Directions:
Transcribe all the entries word for word, skipping the pictures.

Dataset items
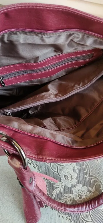 сумка пришла за 10 дней, очень удобная, красивая, вместительная, а главное, лёгкая, хороший кожзам, украшения из натуральной кожи на цепочке. Внутри ткань сильно шуршащая, под шелк сделана
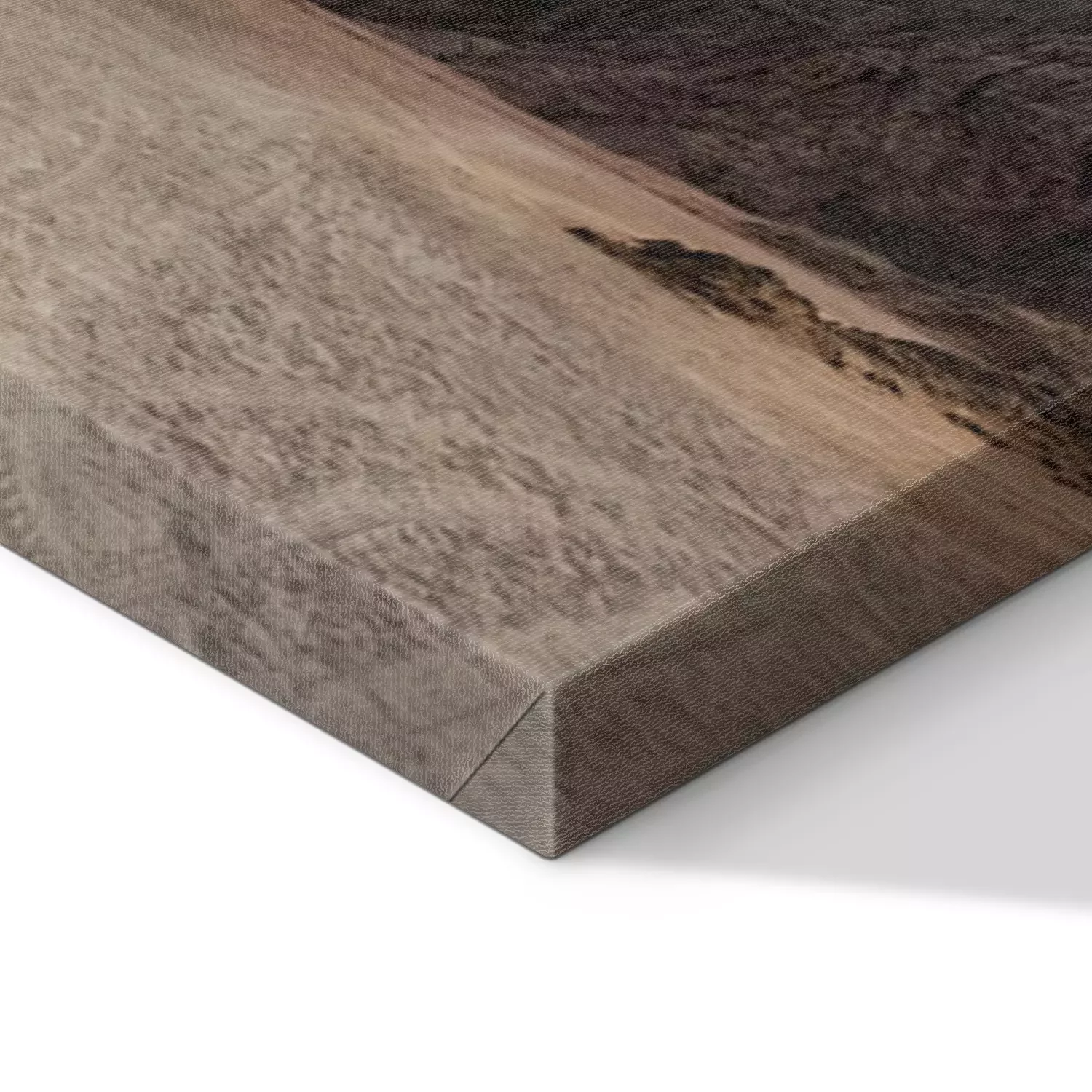 De print wordt aangebracht op hoogwaardig canvas dat op een schildersweefgetouw (spieraam) wordt gespannen. Omdat de print de zijranden bedekt, hoeft het ontwerp niet met een extra kader te worden omlijst. Wij raden ook composities aan die uit meerdere foto's bestaan en zo een coherente compositie vormen.
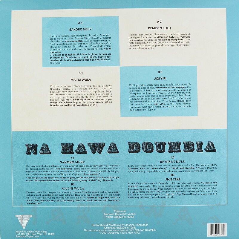 "Released on LP in 1982 and unavailable outside Mali until now, Vol. 2 is an intimate yet powerful document of the early efforts of one of Mali’s most enduring voices. Four decades of worldwide acclaim later, Doumbia is still touring the world blowing minds with her achingly emphatic singing backed by her partner guitarist N’gou Bagayoko. Vol. 2 is stark in its instrumentation—simply featuring voice and acoustic guitar—but massive in its sonic impact.[...]"
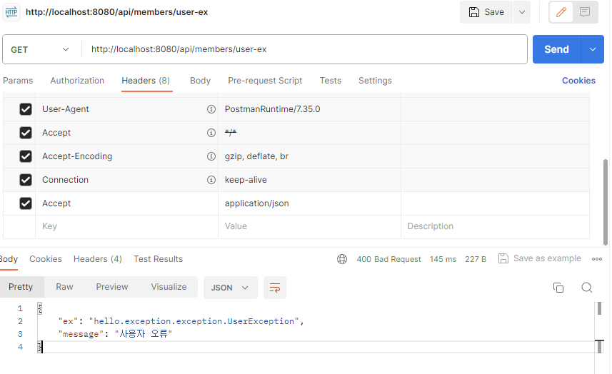 http://localhost:8080/api/members/user-ex 호출시 UserException 이 발생하도록 해두었다.
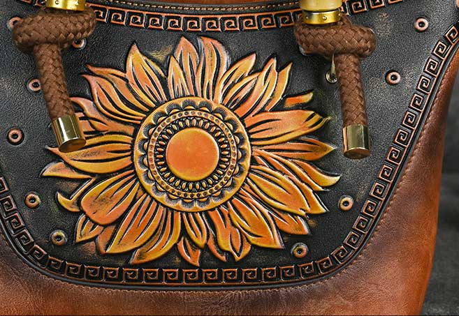 Crafted from premium top-layer cowhide leather, it features a handcrafted embossed sunflower pattern that radiates warmth and artistry.
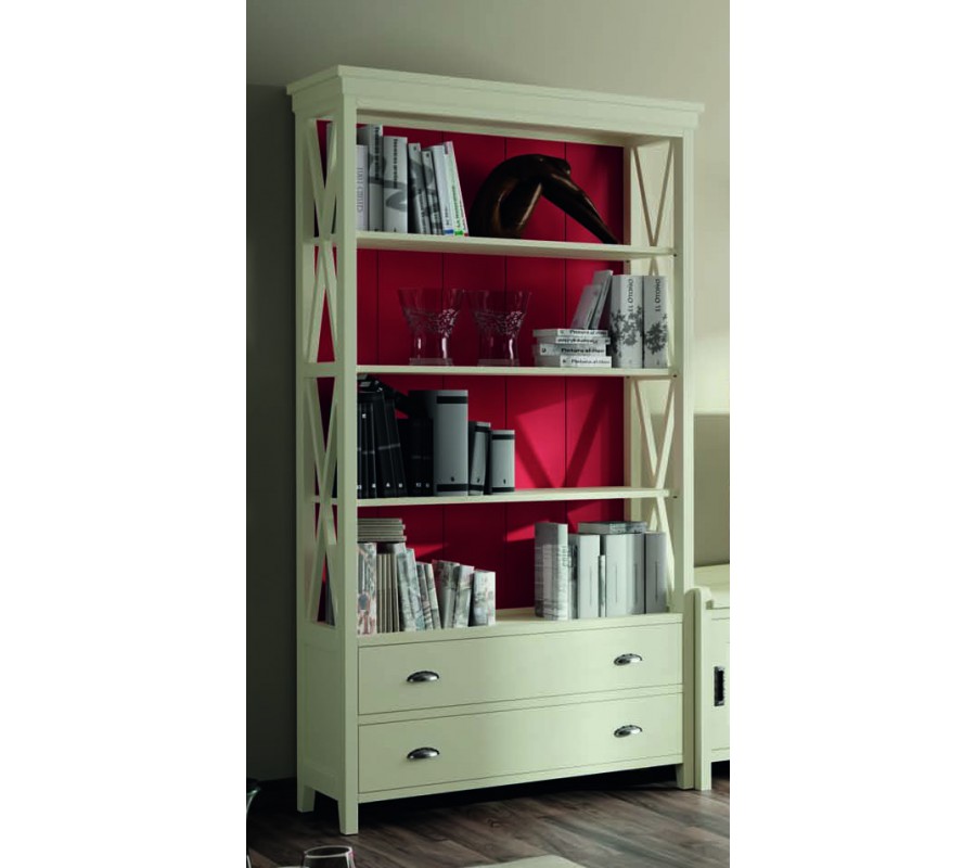 Masívna luxusná knižnica Verona s dvomi zásuvkami a štyrmi poličkami 200cm
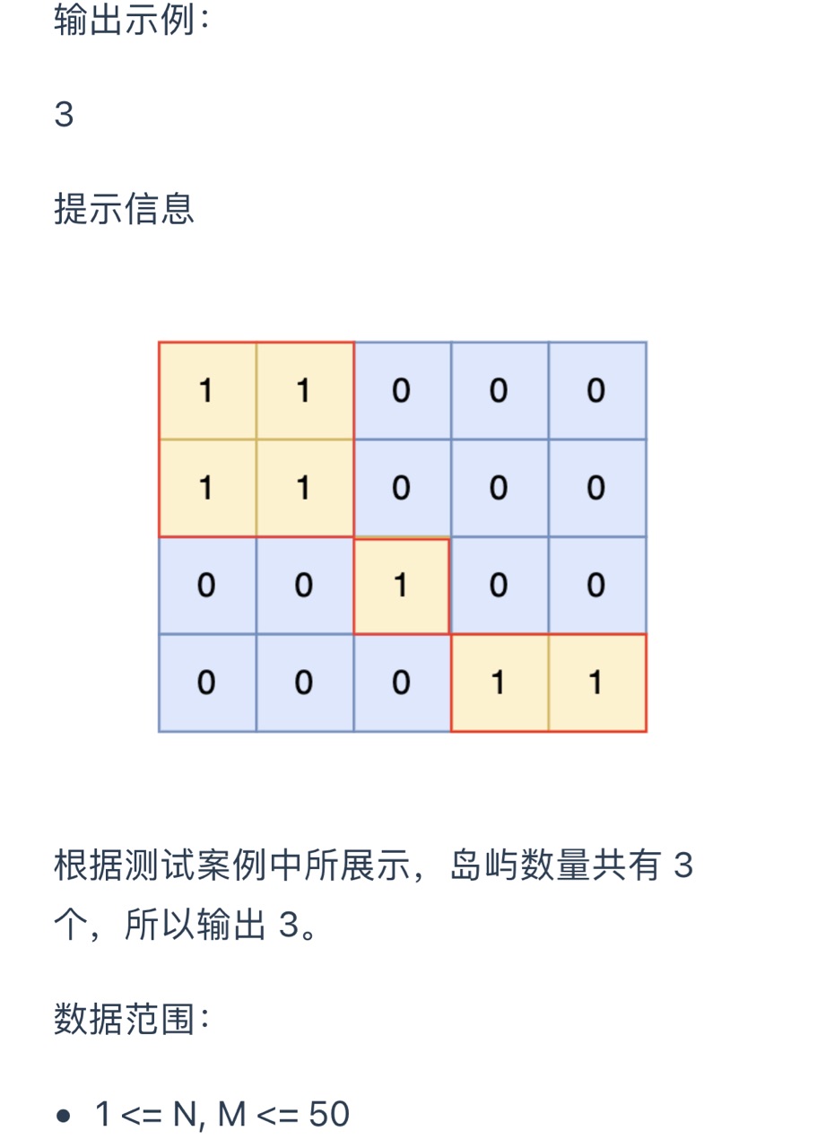 1、每座岛屿只能由水平方向和/或竖直方向上相邻的陆地连接形成。
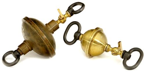 2 Magdeburger Halbkugeln Physikalische Instrumente zur Darstellung des Luftdrucks, Messing mit Eisengriffen, jeweils eine Halbkugel mit Ventil, Ø 12,5 und 8,5 cm – gut erhalten! 2 Magdeburg Hemispheres Accessories to show the existence of a vacuum through the operation of air pressure. Brass with iron handles, Ø 5 and 3 1/2 in., good condition! – (2–3/2) – € 150/220 – (300/1)
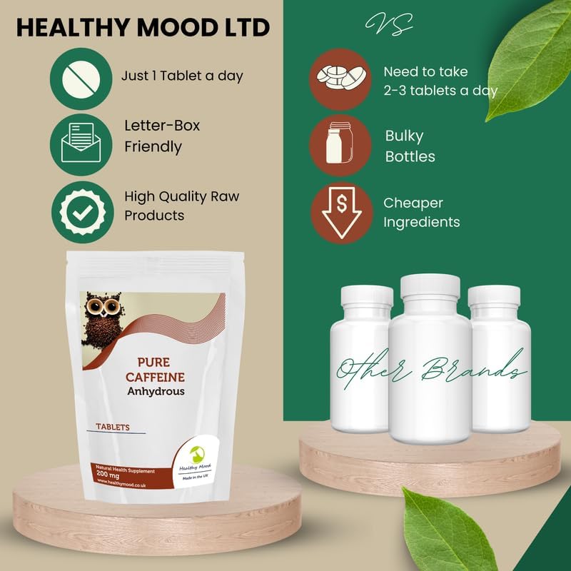 Caffeine: Each tablet contains 200mg of caffeine, a natural stimulant known for its energy-boosting properties.
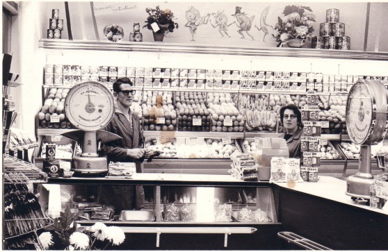 Vroeger waren kruidenierswaren vaak niet verpakt en dus ook niet gereed om eventjes snel mee te nemen. Alles moest worden afgewogen in grauwe, papieren zakken waarin soms een voerinkje van doorschijnend cellofaan zat. Zo’n winkel had een sociale functie. Daar werden de laatste nieuwtjes uit de buurt uitgewisseld.
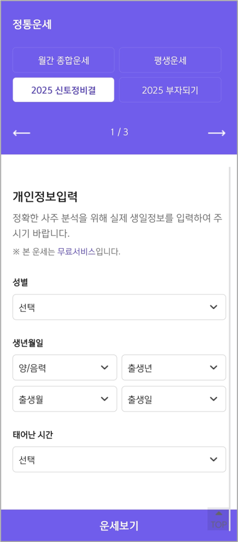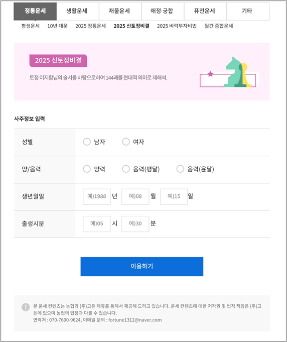 위의 배너를 클릭하여 접속한 뒤, 생년월일과 태어난 시각을 입력하면 2025년 한 해 운세와 재물운, 건강운, 직장/사업운, 월별 운세 등이 자세하게 제공됩니다.
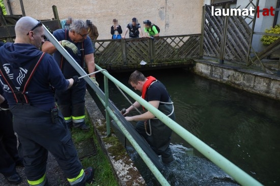 Einsatzkräfte der Feuerwehr waren Samstagabend in Wels-Innenstadt im Einsatz, um eine Kennzeichentafel aus dem Welser Mühlbach zu bergen.
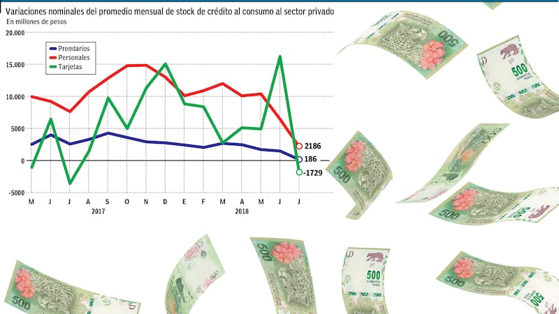 En la comparación interanual, el impacto es todavía más notorio: en julio del 2017 el crecimiento de esta línea había sido de $ 7600 millones.
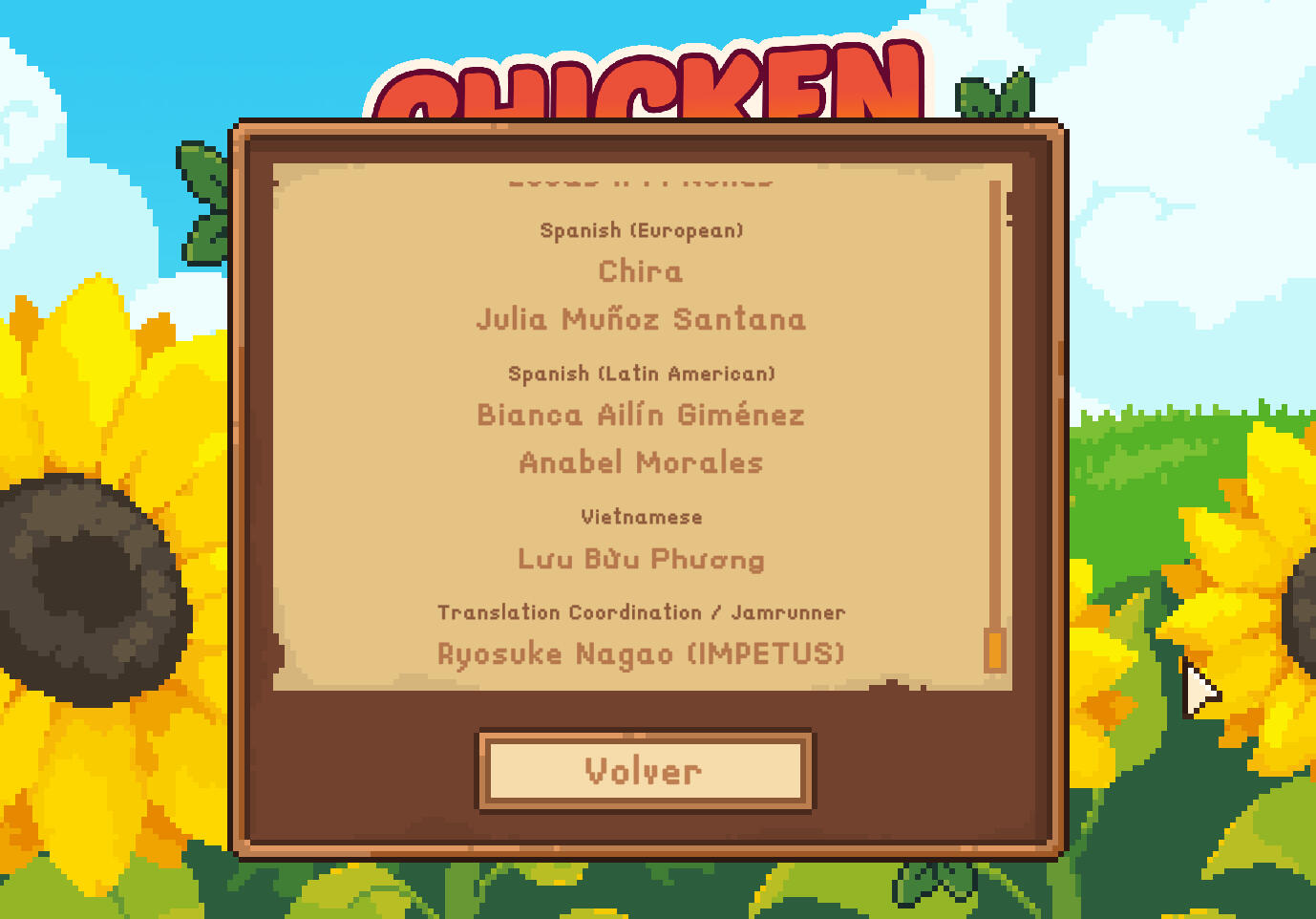 Charming chicken discovery game I revised and edited in July 2022 and September 2023! Chicken Journey was about 10,000 words long, and I was also in charge of the LQA procedures! It was a pleasure to work with Bianca Giménez; we both grew with this experience. This was part of a Localization Jam hosted over at the YakYak server. Go check Chicken Journey's Steam page, it's already out, and ready for you to play it!

Final answer:
 сумка пришла за 10 дней, очень удобная, красивая, вместительная, а главное, лёгкая, хороший кожзам, украшения из натуральной кожи на цепочке. Внутри ткань сильно шуршащая, под шелк сделана
 De print wordt aangebracht op hoogwaardig canvas dat op een schildersweefgetouw (spieraam) wordt gespannen. Omdat de print de zijranden bedekt, hoeft het ontwerp niet met een extra kader te worden omlijst. Wij raden ook composities aan die uit meerdere foto's bestaan en zo een coherente compositie vormen.
 "Released on LP in 1982 and unavailable outside Mali until now, Vol. 2 is an intimate yet powerful document of the early efforts of one of Mali’s most enduring voices. Four decades of worldwide acclaim later, Doumbia is still touring the world blowing minds with her achingly emphatic singing backed by her partner guitarist N’gou Bagayoko. Vol. 2 is stark in its instrumentation—simply featuring voice and acoustic guitar—but massive in its sonic impact.[...]"
 http://localhost:8080/api/members/user-ex 호출시 UserException 이 발생하도록 해두었다.
 Crafted from premium top-layer cowhide leather, it features a handcrafted embossed sunflower pattern that radiates warmth and artistry.
 Masívna luxusná knižnica Verona s dvomi zásuvkami a štyrmi poličkami 200cm
 1、每座岛屿只能由水平方向和/或竖直方向上相邻的陆地连接形成。
 2 Magdeburger Halbkugeln Physikalische Instrumente zur Darstellung des Luftdrucks, Messing mit Eisengriffen, jeweils eine Halbkugel mit Ventil, Ø 12,5 und 8,5 cm – gut erhalten! 2 Magdeburg Hemispheres Accessories to show the existence of a vacuum through the operation of air pressure. Brass with iron handles, Ø 5 and 3 1/2 in., good condition! – (2–3/2) – € 150/220 – (300/1)
 Caffeine: Each tablet contains 200mg of caffeine, a natural stimulant known for its energy-boosting properties.
 Vroeger waren kruidenierswaren vaak niet verpakt en dus ook niet gereed om eventjes snel mee te nemen. Alles moest worden afgewogen in grauwe, papieren zakken waarin soms een voerinkje van doorschijnend cellofaan zat. Zo’n winkel had een sociale functie. Daar werden de laatste nieuwtjes uit de buurt uitgewisseld.
 위의 배너를 클릭하여 접속한 뒤, 생년월일과 태어난 시각을 입력하면 2025년 한 해 운세와 재물운, 건강운, 직장/사업운, 월별 운세 등이 자세하게 제공됩니다.
 Einsatzkräfte der Feuerwehr waren Samstagabend in Wels-Innenstadt im Einsatz, um eine Kennzeichentafel aus dem Welser Mühlbach zu bergen.
 En la comparación interanual, el impacto es todavía más notorio: en julio del 2017 el crecimiento de esta línea había sido de $ 7600 millones.
 Charming chicken discovery game I revised and edited in July 2022 and September 2023! Chicken Journey was about 10,000 words long, and I was also in charge of the LQA procedures! It was a pleasure to work with Bianca Giménez; we both grew with this experience. This was part of a Localization Jam hosted over at the YakYak server. Go check Chicken Journey's Steam page, it's already out, and ready for you to play it!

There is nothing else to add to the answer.